▶ PROMPT
From the material below, retype exactly the lines that begin at the line with "Four-tiered plant stand." and end after the line with "会上,夏老师向同学们细致入微"; pictures stay out of the copy.

▶ DATASET EXCERPTS
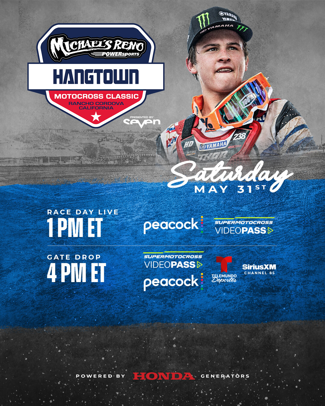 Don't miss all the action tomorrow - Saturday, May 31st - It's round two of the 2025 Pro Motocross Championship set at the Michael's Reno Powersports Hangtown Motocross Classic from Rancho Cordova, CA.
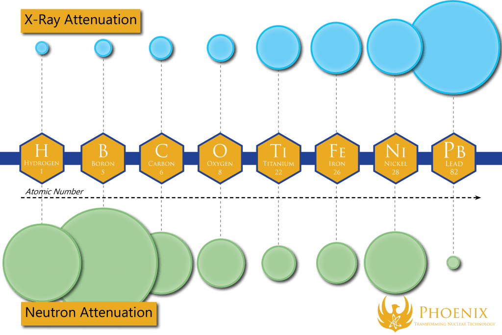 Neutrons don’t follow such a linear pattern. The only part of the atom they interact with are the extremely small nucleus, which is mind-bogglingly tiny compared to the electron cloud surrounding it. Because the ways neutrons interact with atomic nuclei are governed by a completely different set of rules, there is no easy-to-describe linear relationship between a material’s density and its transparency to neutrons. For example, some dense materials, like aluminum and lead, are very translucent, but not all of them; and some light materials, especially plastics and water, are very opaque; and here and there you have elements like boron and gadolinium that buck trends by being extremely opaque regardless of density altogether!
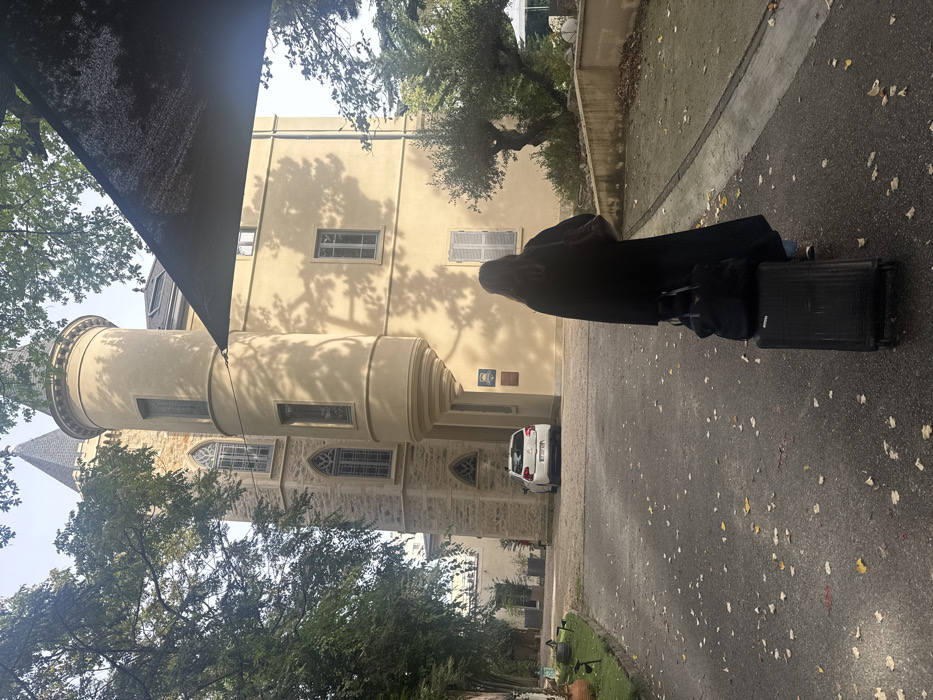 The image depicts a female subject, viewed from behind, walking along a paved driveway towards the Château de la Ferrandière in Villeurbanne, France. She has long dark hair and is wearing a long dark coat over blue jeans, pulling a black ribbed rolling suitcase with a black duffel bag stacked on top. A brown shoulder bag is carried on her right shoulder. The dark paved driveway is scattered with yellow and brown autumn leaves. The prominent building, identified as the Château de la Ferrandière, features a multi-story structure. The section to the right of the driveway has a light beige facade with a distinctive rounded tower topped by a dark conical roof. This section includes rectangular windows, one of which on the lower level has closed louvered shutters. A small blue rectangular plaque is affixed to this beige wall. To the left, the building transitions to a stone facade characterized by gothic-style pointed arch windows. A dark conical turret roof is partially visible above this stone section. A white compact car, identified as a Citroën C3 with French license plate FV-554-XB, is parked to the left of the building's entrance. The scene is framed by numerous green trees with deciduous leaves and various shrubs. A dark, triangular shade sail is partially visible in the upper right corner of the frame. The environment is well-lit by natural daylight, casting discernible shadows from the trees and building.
==
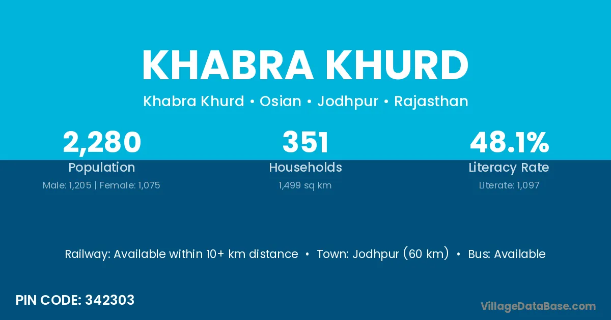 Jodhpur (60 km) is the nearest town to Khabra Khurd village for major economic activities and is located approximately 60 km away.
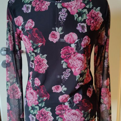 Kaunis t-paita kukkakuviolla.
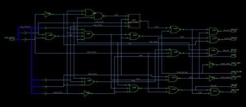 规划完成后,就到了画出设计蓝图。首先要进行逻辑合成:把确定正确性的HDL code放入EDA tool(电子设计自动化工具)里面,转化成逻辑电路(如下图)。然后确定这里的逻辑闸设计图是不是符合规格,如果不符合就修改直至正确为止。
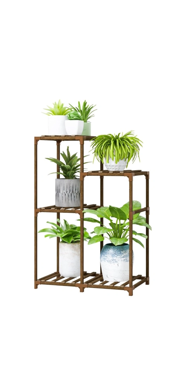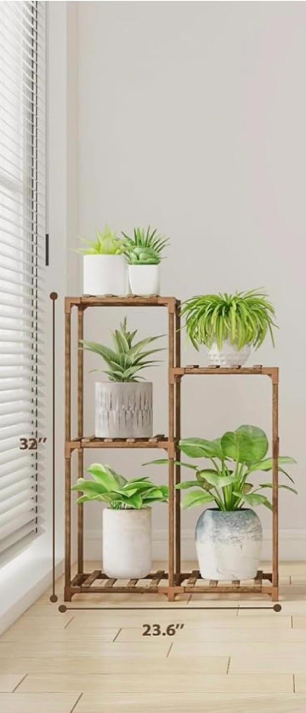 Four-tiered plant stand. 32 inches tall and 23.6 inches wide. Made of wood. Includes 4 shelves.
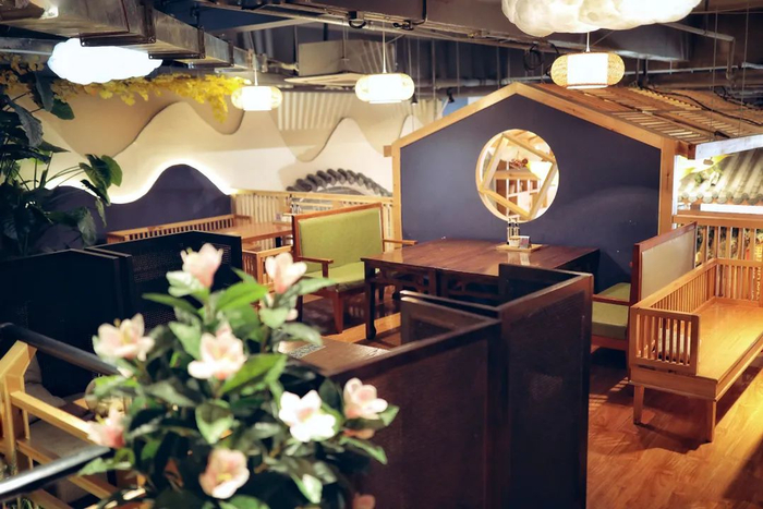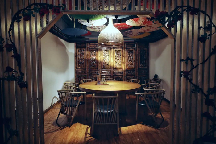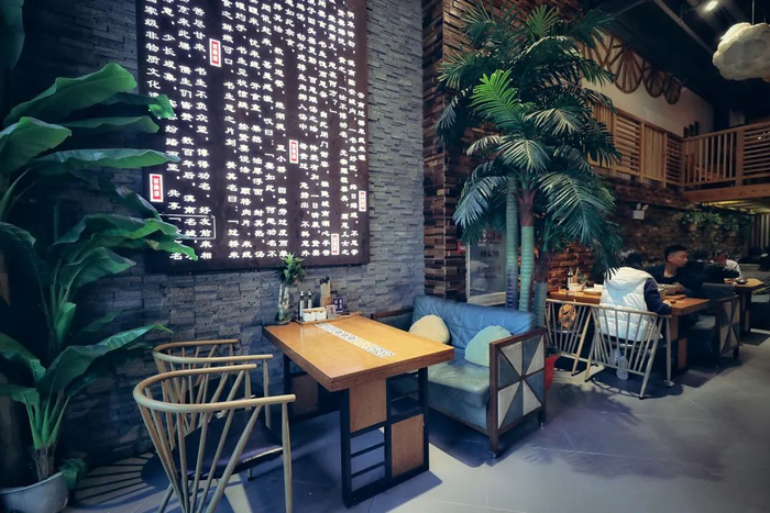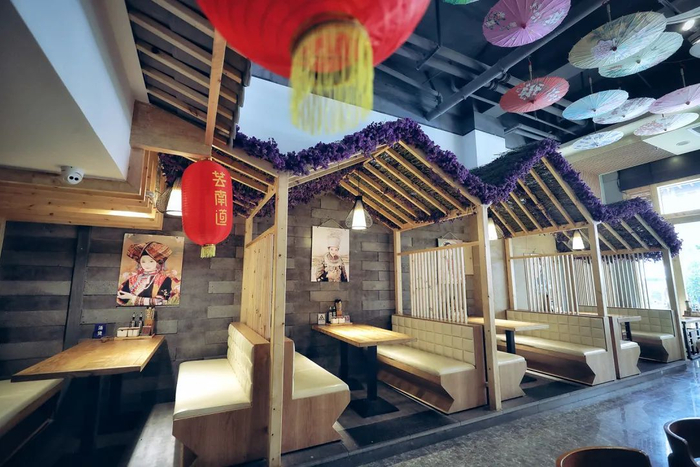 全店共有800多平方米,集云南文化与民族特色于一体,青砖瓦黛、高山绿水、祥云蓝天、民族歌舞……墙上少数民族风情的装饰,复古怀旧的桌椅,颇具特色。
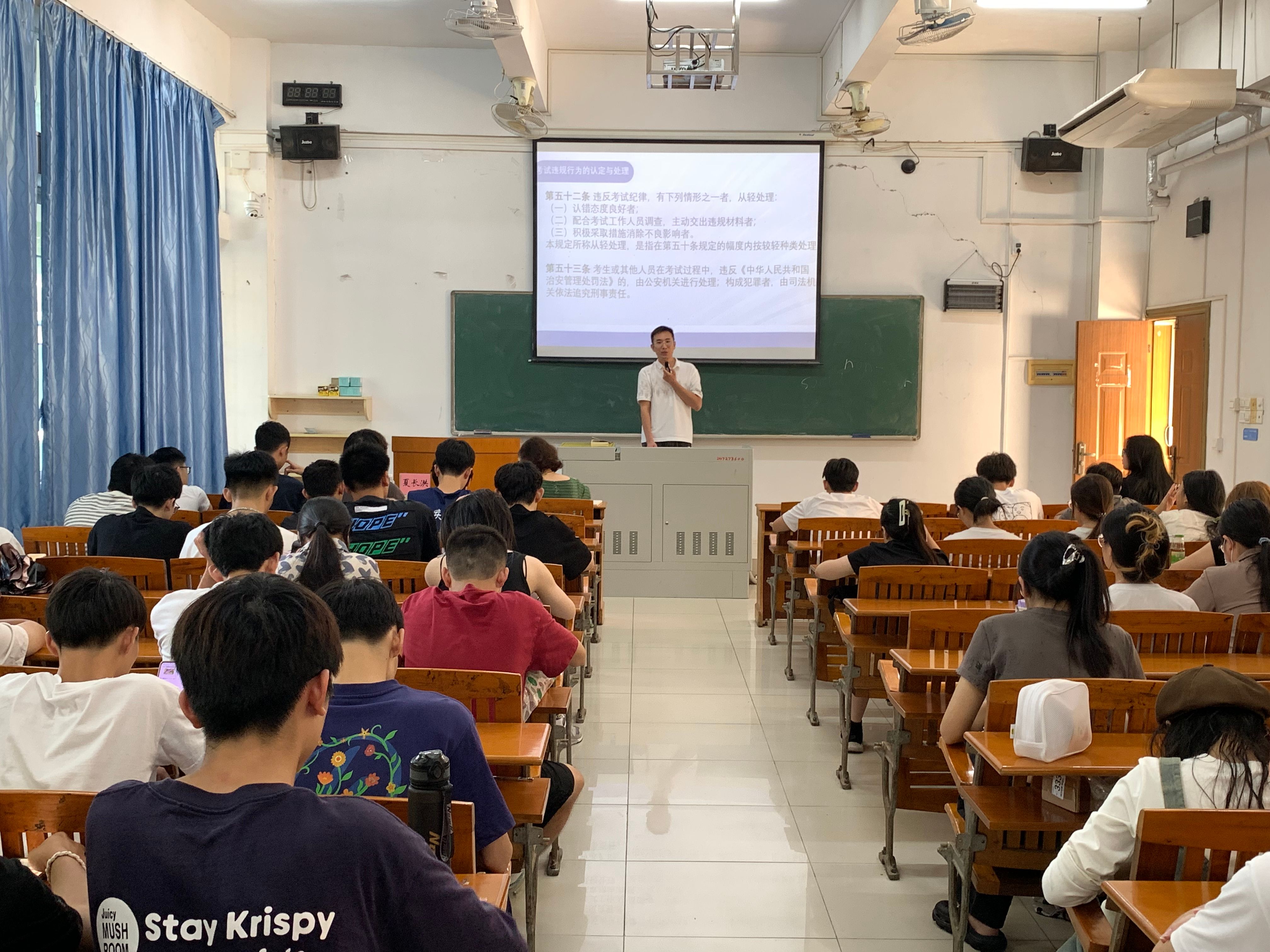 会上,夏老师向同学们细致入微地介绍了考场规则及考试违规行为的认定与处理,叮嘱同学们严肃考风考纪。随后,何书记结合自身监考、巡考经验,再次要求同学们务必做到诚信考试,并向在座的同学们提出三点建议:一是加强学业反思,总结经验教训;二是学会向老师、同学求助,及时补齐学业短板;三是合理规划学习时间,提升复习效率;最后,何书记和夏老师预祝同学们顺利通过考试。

▶ PROBLEM SOLUTION
 Four-tiered plant stand. 32 inches tall and 23.6 inches wide. Made of wood. Includes 4 shelves.
 全店共有800多平方米,集云南文化与民族特色于一体,青砖瓦黛、高山绿水、祥云蓝天、民族歌舞……墙上少数民族风情的装饰,复古怀旧的桌椅,颇具特色。
 会上,夏老师向同学们细致入微地介绍了考场规则及考试违规行为的认定与处理,叮嘱同学们严肃考风考纪。随后,何书记结合自身监考、巡考经验,再次要求同学们务必做到诚信考试,并向在座的同学们提出三点建议:一是加强学业反思,总结经验教训;二是学会向老师、同学求助,及时补齐学业短板;三是合理规划学习时间,提升复习效率;最后,何书记和夏老师预祝同学们顺利通过考试。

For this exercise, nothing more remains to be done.